И что значит вообще усталость, на которую с такой готовностью ссылаются многие?
Может одолеть физическая усталость в пути, в работе, когда захочется присесть или как следует выспаться. Покориться такой усталости необходимо.
Но как можно поддаться политической усталости? Устать политически — значит признать, что твой противник превосходит тебя, что в схватках теоретических нет на твоей стороне неотразимо убеждающих доводов, а коль дело идет к тому, чтобы и помериться силами, вплоть до вооруженной борьбы, — устать политически — значит признать, что иссякли и способности твои быть умелым организатором. Этого рода усталость — сверх всего, еще и предательство по отношению к твоим товарищам. Смерть в неумелом бою так или иначе, но может быть прощена. Усталость как право на выход из общего строя — позор. И только позор.
Он посмотрел в окно. Смеркается. Сегодня вечером в городе будут проводиться разрешенные собрания. По отдельности — земцев, дворян, представителей купеческого сословия. Собрание рабочих назначено лишь одно — у бондарей. Цель этих сборищ: послать благодарственные адреса царю в связи с его «высочайшим» манифестом, уже торжественно прочитанным по многу раз во всех церквах России.
Царь подписал манифест, обращаясь «за помощью» к лицам, «облеченным доверием общественным». Вот так. Не к народу он обращается, нет. Да и за какой «помощью» он станет обращаться к народу, который, негодуя, бурлит повсеместно? Помощь царю нужна. Только иная — против народа. Он печалится, что «смута» волнует многие умы, отрывает народ от производительного труда, губит молодые силы, столь необходимые для процветания родины.

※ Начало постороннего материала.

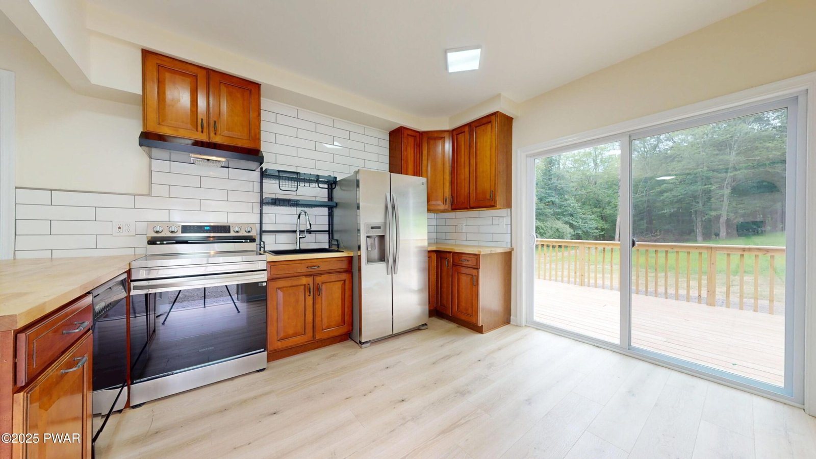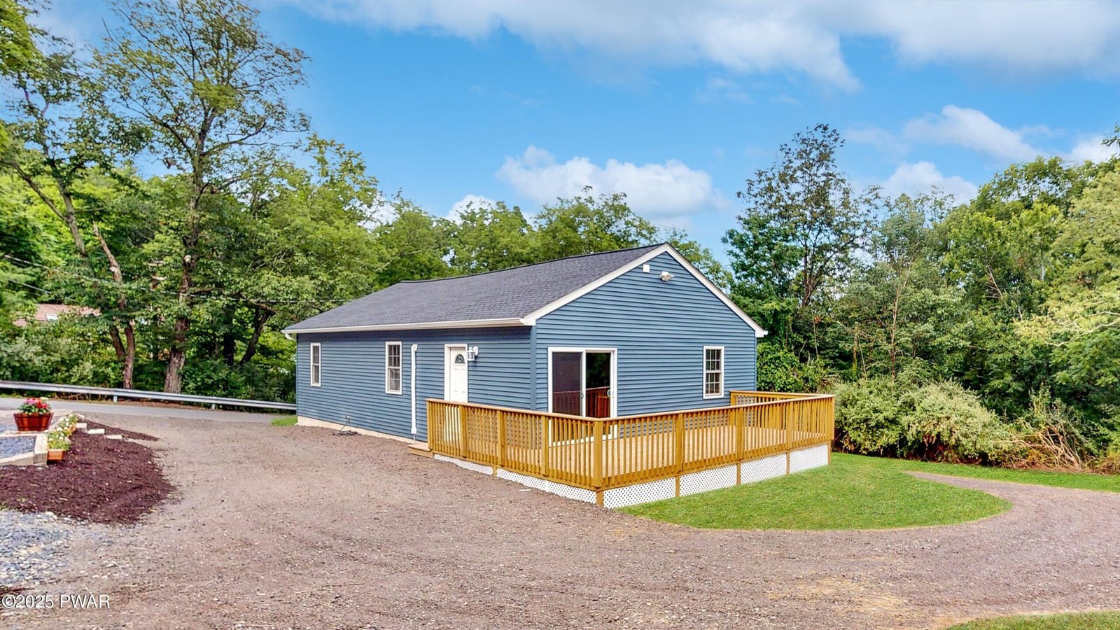 $$$ - INCREDIBLE AIRBNB/STR OPPORTUNITY - $$$ - 3 BRS + BONUS ROOM, & 3 FULL BATHS w/ THIS TOTALLY RENOVATED, FULLY UPDATED & UPGRADED, ONE-LEVEL-LIVING, POCONO COUNTRY-MODERN RANCH HOME w/ BRAND NEW SEPTIC SYSTEM, AND A DETACHED SHE-SHED/ART STUDIO w/ WET BAR & PRIVATE BATHROOM ON A SPRAWLING 1.3-ACRE LOT LOCATED JUST A STONE'S THROW FROM THE DELAWARE RIVER IN MATAMORAS, PA. This meticulously renovated ranch home offers 1,150 sqft of beautifully finished living space ontop of a walkout basement. Featuring 3 spacious bedrooms and 2 full bathrooms, including a large primary suite with a big walk-in closet (with washer/dryer hookup) and a modern private ensuite bath with a glass walk-in shower and his & her sinks. This stunning home boasts high ceilings, luxury vinyl plank flooring, energy-efficient split-unit HVAC, and brand-new finishes throughout. The open-concept layout includes a spacious living room and a gorgeous country-modern eat-in kitchen with custom cabinetry, butcher block countertops, stainless steel appliances, an eat-at breakfast bar, and a bright dining area with sliding glass doors leading to its large wraparound deck overlooking the scenic backyard. The detached she-shed/art studio offers 480 sqft of additional finished space, with an open bonus room and 1 full bath, and is conveniently located just 37 feet door-to-door across the circular driveway that surrounds the main house--offering ample parking and easy access. Like the main home, this charming bonus area has an open floor concept and brand-new everything, including LVP flooring, electric baseboard heating, and window A/C. It also offers its own wet bar, a large multi-use room, and a full bath with a glass door walk-in shower and built-in shelving for linens and storage. The owner is also in the process of putting in a new septic system for the property as well. DV SCHOOL DISTRICT, CLOSE TO THE HISTORIC TOWN OF MILFORD, PA, & MINUTES FROM BRIDGE & I-84 FOR A QUICK, EASY COMMUTE TO NY & NJ

И тут же — «пресекать всякое уклонение от нормального хода общественной жизни». Не подумайте, дескать, что печаль моя — моя слабость. Родитель мой, незабвенный Александр III, мне завещал, и я даю священный обет хранить вековые устои Российской державы. Стало быть, любимые дети мои, ни о какой свободе и не помышляйте…
К сегодняшним собраниям комитет хорошо подготовился. Отпечатано несколько сот листовок. Их расклеят, разбросают по всему городу. Если удастся — и в помещениях, где созываются собрания. И все-таки этого мало. Нужна живая речь. Нужно спорить с каждой фальшивой строкой манифеста.
Дубровинский глянул в зеркало. Усики, привычно тянущиеся книзу, можно распушить или закрутить колечками. Есть парик, меняющий весь овал лица. Подклеить бородку. Впрочем, арестовывать прямо на собраниях сегодня никого не будут, это ясно. Остается одна забота: уйти от слежки потом.
Хм! Собственно, не столь уж большая беда, если и выследят. На то он и политический ссыльный, чтобы публично заявлять о своих несогласиях с правительством. Тогда ни к чему и маскарад. Только выступать надо сдержанно, чтобы не остервенить местное начальство и не дать ему повода хлопотать перед высшими властями о дополнительном наказании. Тем более что до окончания срока ссылки остается всего-то четыре месяца. Но что толку в сдержанности?
Выбирай, Иосиф: идти на собрание к бондарям так, как есть, и сравнительно малым рискуя; идти туда переодевшись, с горячей речью, и тогда уже с большим риском; или вообще остаться дома, совсем без всякого риска?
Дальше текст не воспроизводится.